Переход от раннего Чорного к зрелому был значительным творческим ростом, но рост этот происходил в таких условиях, когда были неизбежными и потери. И, видно, немалые, если уже в самом конце жизни Чорный с болью отмечал в своем дневнике, что писал не то и не так, как мог бы. В этом трагическом признании есть и печаль по всему хорошему, что не взял он в дорогу, когда после романов «Сестра» и «Земля», сразу же блокированных вульгаризаторской критикой, перешел под ее бдительным взором к романам «Иди, иди» и «Отечество».
Схематически творческий путь Чорного, если иметь в виду и «психологию творчества» его, представляется нам таким.
Первый период — молодое увлечение открытием человека, открытием самого себя (самоанализ, рефлексия); удивление перед сложностью человеческого поведения и переживаний, необъяснимой временами, но тем более привлекательной для глубокого и смелого таланта. Увлечение своей способностью открывать в человеке и жизни никем не замеченное, видеть за обычным необычное, за тишиной — бури, за обыденностью — глубочайшую человеческую одержимость.
И все это интересно для молодого таланта не просто само по себе, а еще и потому, что он всему миру раскрывает духовное богатство и сложность близкого ему простого человека, белоруса-труженика. Его трепетную и чуткую душу. Его печаль в радости и радость в печали. Его стремление вырваться из привычного и его неотделимость от того, что его окружает.

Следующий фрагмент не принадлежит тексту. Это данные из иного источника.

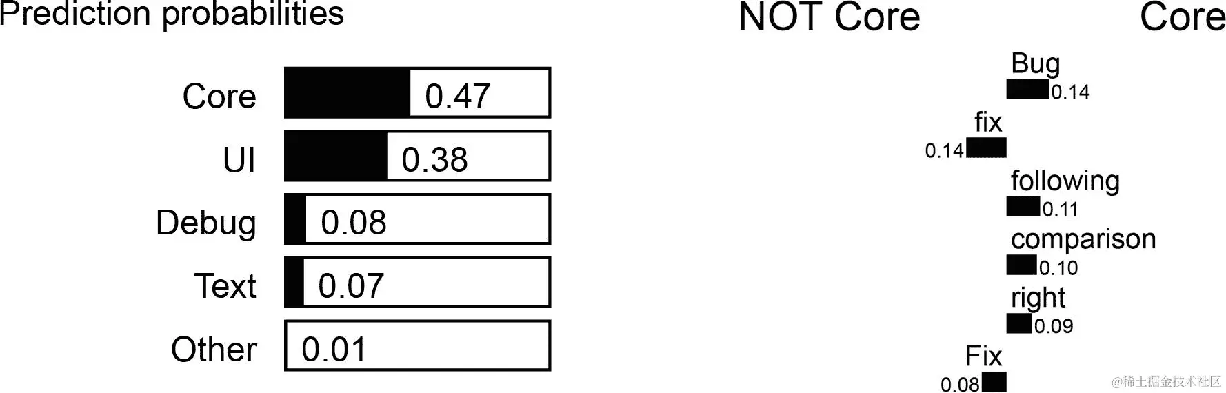 在预测阶段,模型接收到一个新的输入观察值(例如一个错误报告),并且像在训练阶段应用的方式一样转换文档以生成特征向量。新的特征向量被馈送到训练好的模型中以生成预测结果(例如一个错误的优先级)。通过这种方式,我们实现了一种预测标签的自动化方式。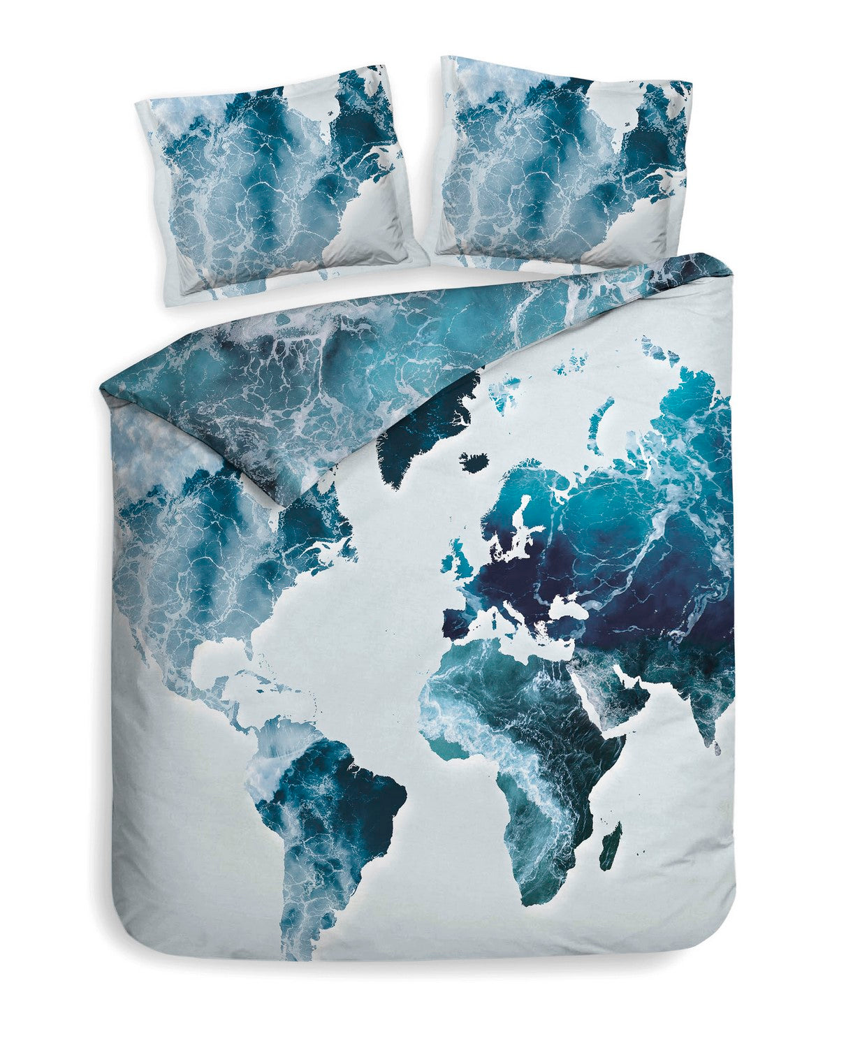 Op dit heerlijke dekbed van Hecket & lane kun je de prachtige continenten van onze aarde bewonderen. Het Camil dekbedovertrek heeft een mooi en krachtig uiterlijk met zijn blauwe kleuren op een witte ondergrond. Wanneer je het dubbelzijdige dekbedovertrek omdraait kijkt je uit over de wilde zeeën. Beiden kanten blijven je intrigeren. Het overtrek wordt geleverd met bijpassende kussenslopen, deze zijn voorzien van een Oxford-rand. De dubbele instopstrook over de gehele breedte maakt het dekbedovertrek ook geschikt voor extra lange dekbedden. Dit dekbedovertrek is gemaakt van 100% katoen- satijn en heeft het GOTS (Global Organic Textile Standard) keurmerk. Door de hoogwaardige kwaliteit voelt het overtrek heerlijk zacht en comfortabel aan en is het goed ademend. Door de satijnbinding krijgt het dekbedovertrek zijn subtiele glans. Ga voor optimaal slaapcomfort en droomweg met dit heerlijke dekbedovertrek.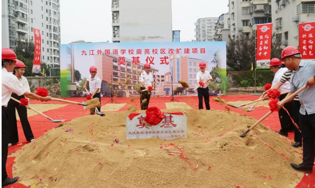 9月14日,九江外国语学校庾亮校区改扩建项目举行奠基仪式。市教育局二级调研员胡汝庆、相关单位负责人及学校全体班子成员出席。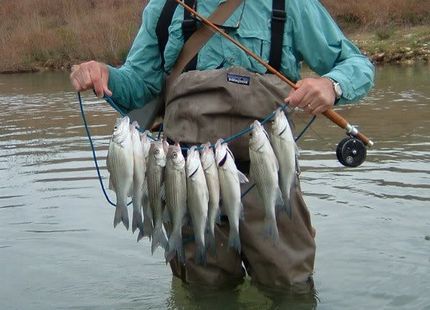 Striped bass or "Stripers" are a well known game fish here in north Texas. The Fish is naturally androgynous meaning that it lives part of its life in fresh water and part of its life in salt water. Its natural life cycle is to spend its adult life in the ocean and return to rivers for spawning much like salmon. It was discovered while creating reservoirs on the east coast that Stripers could survive and even thrive in fresh water when they were cut off from the sea. Stripers are a close relative of White Bass and can be fished for in lakes much the same way. There are also many lakes that are stocked with "Wipers" which are a Striped Bass, White Bass hybrid. Lake Texoma is one of the few places in the US that land locked Stripers have established a sustained breeding population. This now native population in the lake creates a unique opportunity to target the fish in the tailwaters directly below the dam. When the flows are right it is one of the best opportunities in the area to land a +10 pound fish on a fly rod. This fishery is highly subject to flows from the dam and as a result trips are short notice only and plans are often subject to change.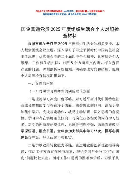 / 国企普通党员2025年度组织生活会个人对照检查材料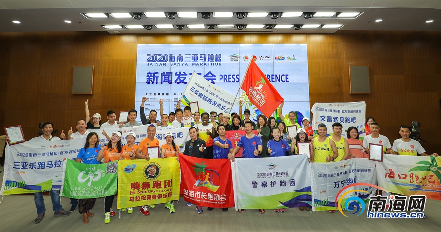 參加2020海南三亞馬拉松賽的各個跑團(tuán)合影。 南海網(wǎng)記者陳望 攝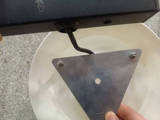 13、安裝固定圓盤支架并穿線,先將圓盤支架中間四個螺絲拆卸,然后將圓盤支架從燈桿上方套到燈桿上,光照傳感器朝向控制箱方向,將傳感器線從對應的進線孔(距燈桿頂端1m)穿進燈桿,從控制箱的出線孔(離燈桿底座1.2m)穿出燈桿,最后將圓盤支架4個穿線孔與燈桿的4個進線孔對齊,固定4個螺絲并擰緊,注意不要壓到線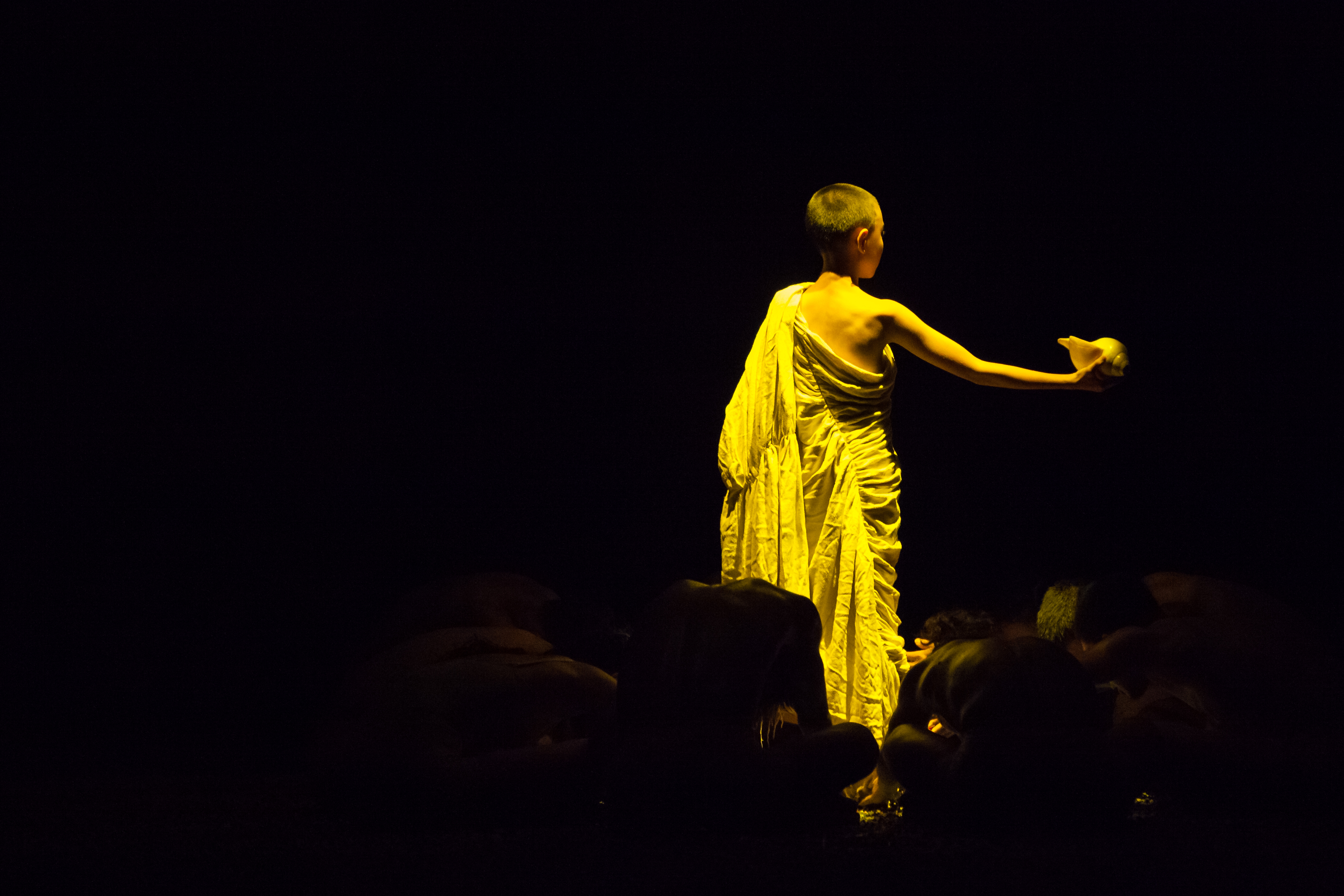 Η παράσταση ξεκινά πριν καν αρχίσει. Στο σκοτάδι. Με τους θεατές να μιλούν, να περιμένουν. Ένας χορευτής εμφανίζεται αθόρυβα ανάμεσά μας, κρατώντας θυμίαμα. Προχωρά αργά, αθέατος σχεδόν, και με το άρωμα του λιβανιού, η αίθουσα σιγά σιγά ησυχάζει. Ένα κύμα γαλήνης απλώνεται.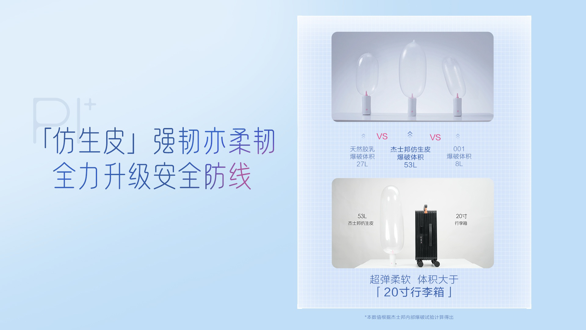 爆破体积可达53L,是传统天然胶乳套的2倍。什么概念?体积大于20寸行李箱,超弹柔软,可靠防护。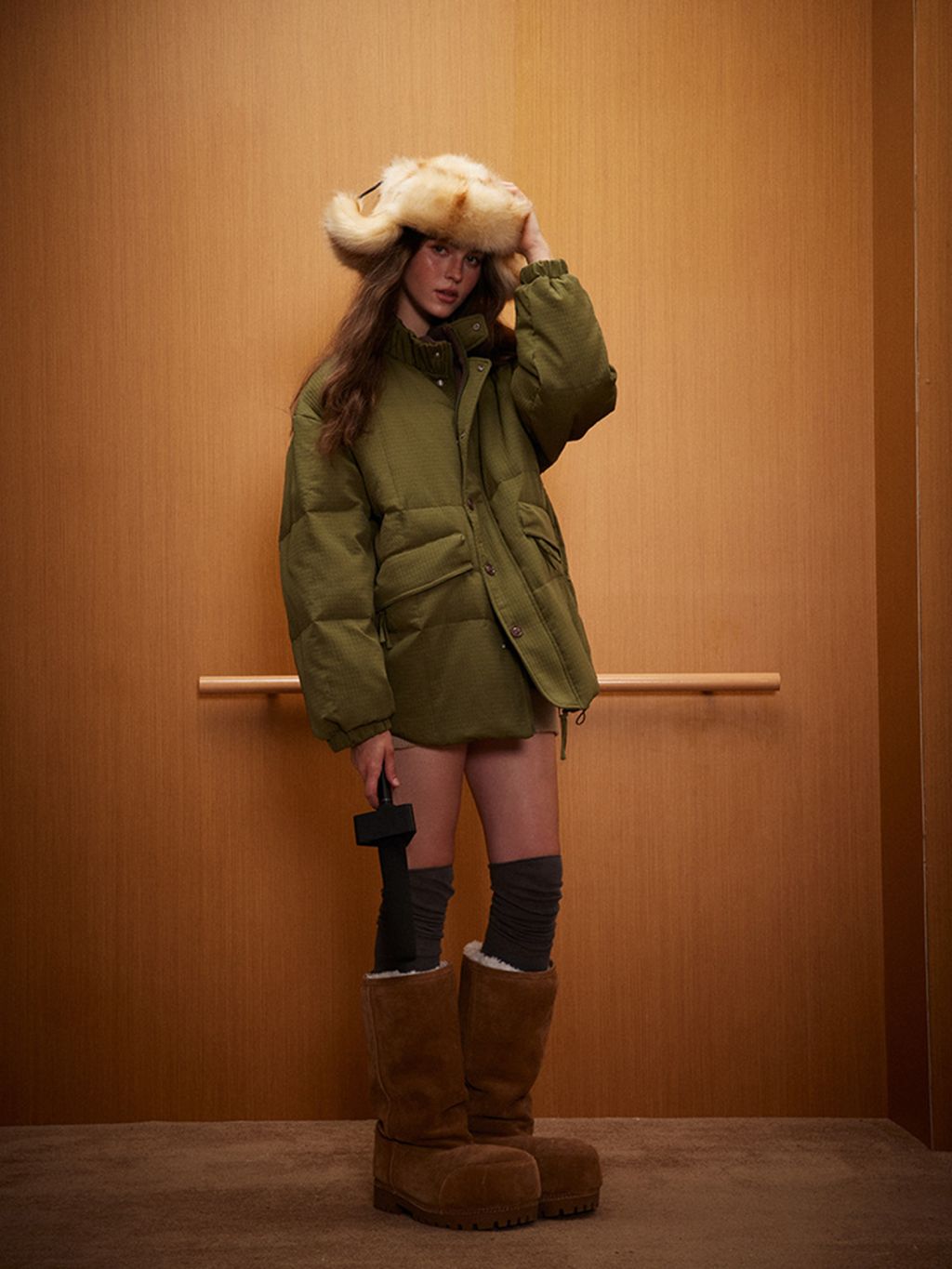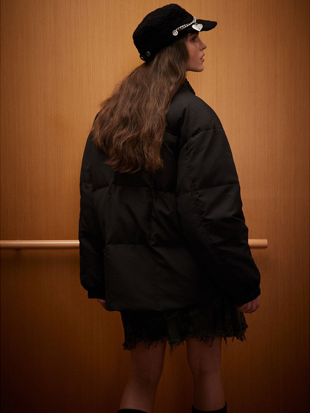 잔잔한 립스탑 텍스처에 브라운 벨벳 배색 카라가 더해져, 90’s 레트로 무드를 한 번에 완성하는 패딩 자켓입니다. 오버사이즈 실루엣과 큼직한 포켓으로 툭 걸치기 좋은 아이템입니다.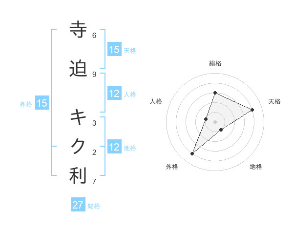 寺迫 キク利さんの天格は15画の4点!
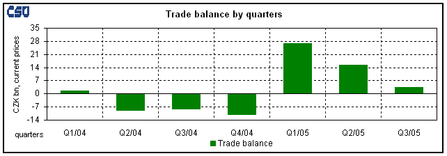 - a trade balance improvement of CZK 60.7 billion. In Q1-Q3 2005, external trade surplus stood at CZK 45.3 billion 2 (3.3% of total exports) as against the deficit of CZK 15.4 billion in the corresponding period of 2004. However, behind this figure are gradual decreases in the surplus in individual quarters. Whereas in Q1 2005 the active balance amounted to 6.1% of exports and in Q2 2005 still 3.2% of exports, in Q3 2005 it was only 0.7% of exports.

Человек, его психология, его поведение изучаются с почти научной точностью, чтобы увидеть и глубину человека, и высоту взлета его мыслей и чувств.
Но анализ в реалистическом художественном произведении — это только шаг к синтезу, к созданию законченных, никому до этого не ведомых характеров. И если анализ — очень сильное качество ранних вещей Чорного, то синтез характеров как раз не всегда удается ему. Он еще не способен обойтись без наивно-молодня- ковской фразы, он вынужден заключать во внешне поэтические рамки отнюдь не поэтический, а порой просто натуралистический материал.
Вторая «ступень» творческой биографии К. Чорного начинается тогда, когда он открывает для себя, что самое необъяснимое в человеке можно попробовать объяснить, раскрыть, если углубиться в социальную почву явления, если пойти в глубь истории.
Это так отвечало его таланту, который совсем не боялся теории, а только мужал от ее соседства. Горький, а также Бальзак и Золя, с их широкими полотнами социальной жизни, с их углублением в классовую природу человека, теперь особенно увлекают Чорного. С Достоевским он не расстается в этот период, но связаны его произведения с Достоевским уже чисто полемически.
Значительные художественные открытия на этом пути удавались Чорному тогда, когда им руководило вот это искреннее увлечение своей способностью понимать социальный механизм, который управляет человеком и его психологией.
Но нельзя ничего упрощать, когда дело касается человека, его внутреннего мира. А между тем само время (конец двадцатых — тридцатые годы) упрощало многое. Такого же упрощения потребовала от литературы и вульгаризаторская критика.
В этих условиях К. Чорный неизбежно утрачивал что-то из того, что приобрел еще в начале творческого пути.
Позднее, в сороковые годы, он пытается, сохранив многое из найденного в тридцатые, снова вернуть в свои произведения всю сложность человеческой индивидуальности и вообще жизни.
Конечно, так резко разделять единый творческий путь художника можно только с целью подчеркнуть своеобразие каждого из этапов. На самом же деле таких высоких порогов не было. Были более или менее выразительные тенденции на каждом из этапов — о них и идет речь.
Каждый из этих условно очерченных этапов связан для нас с произведениями, образами, в которых раскрылись наивысшие возможности таланта К. Чорного («Сосны говорят», «Сентябрьские ночи», «Земля», пастушок Михалка и портной в «Третьем поколении», корчмарь в романе «Тридцать лет», старик Стафанкович в «Любе Лукьянской», дети Волечка и Кастусь в «Поисках будущего», «Млечный Путь»).
Мы не собираемся изображать того Чорного, которым он мог бы быть, если бы ему не мешала вульгаризаторская критика («дураки и брехуны», как Чорный назвал их в своем дневнике). Дело ведь не только в вульгаризаторской критике и особых условиях тридцатых годов, но и в том уровне, на котором находилась молодая белорусская проза.
Слишком много трудностей стояло на пути у тех, которые шли первыми. И были задачи, которые литература могла решить только всем своим фронтом и за более продолжительное время.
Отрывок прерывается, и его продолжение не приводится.